“You have just seen a news clip reporting that pandemic flu has reached the UK.
“The Evening News is reporting high levels of sickness throughout the county. Several members of your team are coughing and wheezing and complaining of feeling ill.”
This, now chillingly familiar scenario, is not a report about the outbreak of coronavirus.
It was, in fact, played out last year as part of an exercise to test Norfolk’s response to a deadly pandemic.
By week three of this imaginary flu, schools had shut and 50pc of staff were off either ill or looking after their children. By week 10 staff were returning to work and the pandemic had eased.
Made up of council, health and emergency service leaders, the Norfolk Resilience Forum (NRF), which published the scenarios, has long planned for a pandemic, rating it, along with flooding, snow and power cuts, as the highest risk to the county.
It has carried out two exercises since 2015 to look at how Norfolk would respond to a pandemic.
But no-one could have guessed that six months after its last exercise, a virus would hit on a much bigger scale.
Some of the biggest issues sparked by the coronavirus crisis - the scale of personal protective equipment (PPE) needed for frontline staff, the need for a lockdown and the demand for mass testing to get out of that lockdown - were not predicted by anyone locally or nationally.
This March the NRF was meant to be updating its pandemic risk assessments and reviewing its emergency response.
Instead it found itself responding for real.
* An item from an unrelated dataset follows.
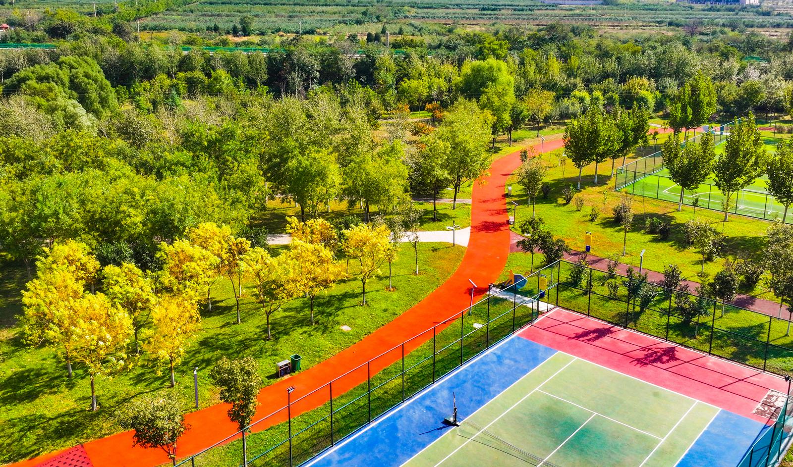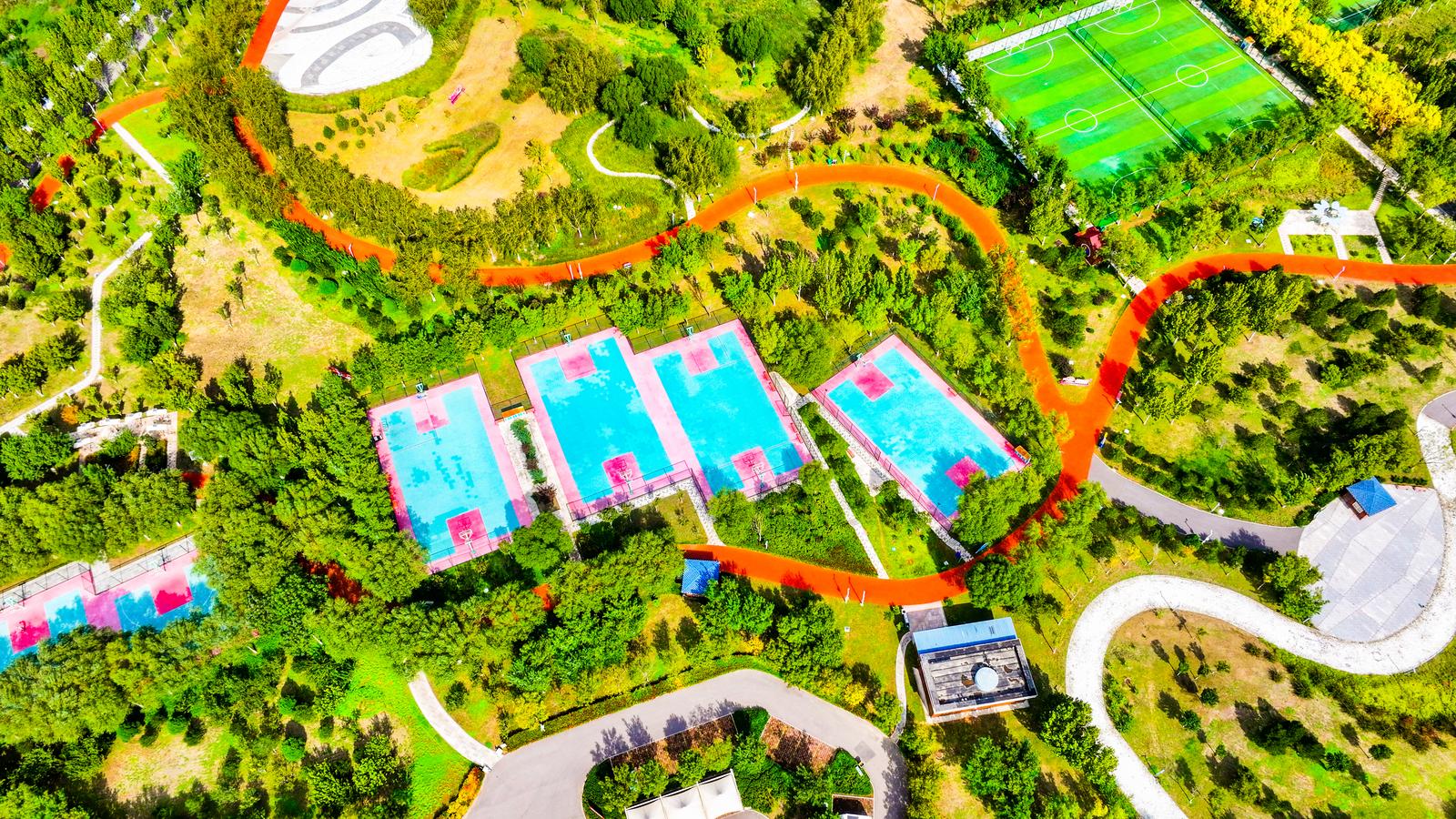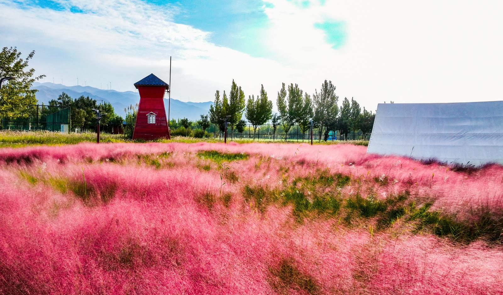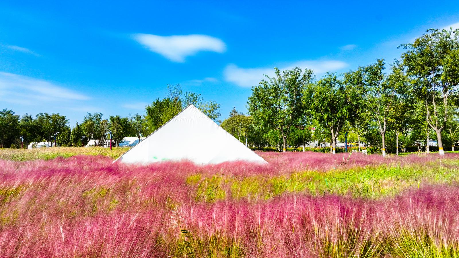 10月21日,运城市运动公园内,杨树遍染金黄、松柏依旧翠绿,粉黛草似云霞铺展,秋景雅致和谐,尽显秋日生机。

It swung into action on February 5 and has been meeting ever since.
Chairman of the NRF’s strategic co-ordinating group, Tom McCabe, said: “Thankfully to date, the planning, preparation, early activation and appropriate resourcing of our collective response has helped mitigate some of the worst effects of the virus on Norfolk but we are ever mindful of keeping this effort going for as long as is required.”
The NRF’s last risk assessments for a pandemic, dating to 2017, correctly predicted the biggest impacts on the public would be getting access to healthcare and food, as well as the effect on people’s mental health.
August 2019 was when the NRF last tested the county’s response to a pandemic in a “tabletop” exercise with NHS England called Castlemaine.
It led to the updating of plans and found improvements were needed in communications with the public as well as between the vastly different organisations tasked with fighting the flu.
Four years earlier, in 2015, another pandemic exercise called Corvus was run across east England.
Its findings included creating a flu pandemic plan for the whole region and reviewing how mortuaries would cope with the sudden body count.
Some of these recommendations have already come to pass, with the opening of a temporary mortuary at RAF Coltishall earlier this month.
It is also understood that one of the recommendations of Exercise Corvus was to get “clarification” on PPE distribution and to work out which organisation would be responsible for supplying it.
Testing for the flu virus was also included as part of the strategy for detecting and assessing the illness.
A spokesman for the NRF said: “The exercise was designed to enable organisations to be prepared for dealing with an emergency; to encourage collaborative working across all agencies; to help employees feel positive, well supported and well-motivated in their roles whilst highlighting areas for development.”
But the scale of the havoc wrought by coronavirus was not foreseen.
It will be the job later of a national inquiry to look at the country’s response, including testing and why PPE has not reached all frontline staff to the extent needed.
•Who is in charge?
The four leaders of the Norfolk Resilience Forum (NRF) are the heads of local councils and the fire service.
The chairman is chief fire officer, Stuart Ruff, and the vice chairman is Stephen Evans, chief executive of Norwich City Council.
That position was held by the joint head of North Norfolk Council Nick Baker until the end of February.
During the coronavirus crisis the NRF’s strategy is led by Tom McCabe, head of paid service at Norfolk County Council.
Meanwhile, Trevor Holden, joint managing director of Broadland and South Norfolk councils is the chair of the Tactical Coordinating Group.
The NRF’s members include the leaders of all local councils, emergency services, NHS England, Norfolk and Waveney NHS, Public Health England, Cadent Gas, the Environment Agency. Highways England, prisons, the Local Enterprise Partnership, the military and the Ministry for Housing, Communities & Local Government.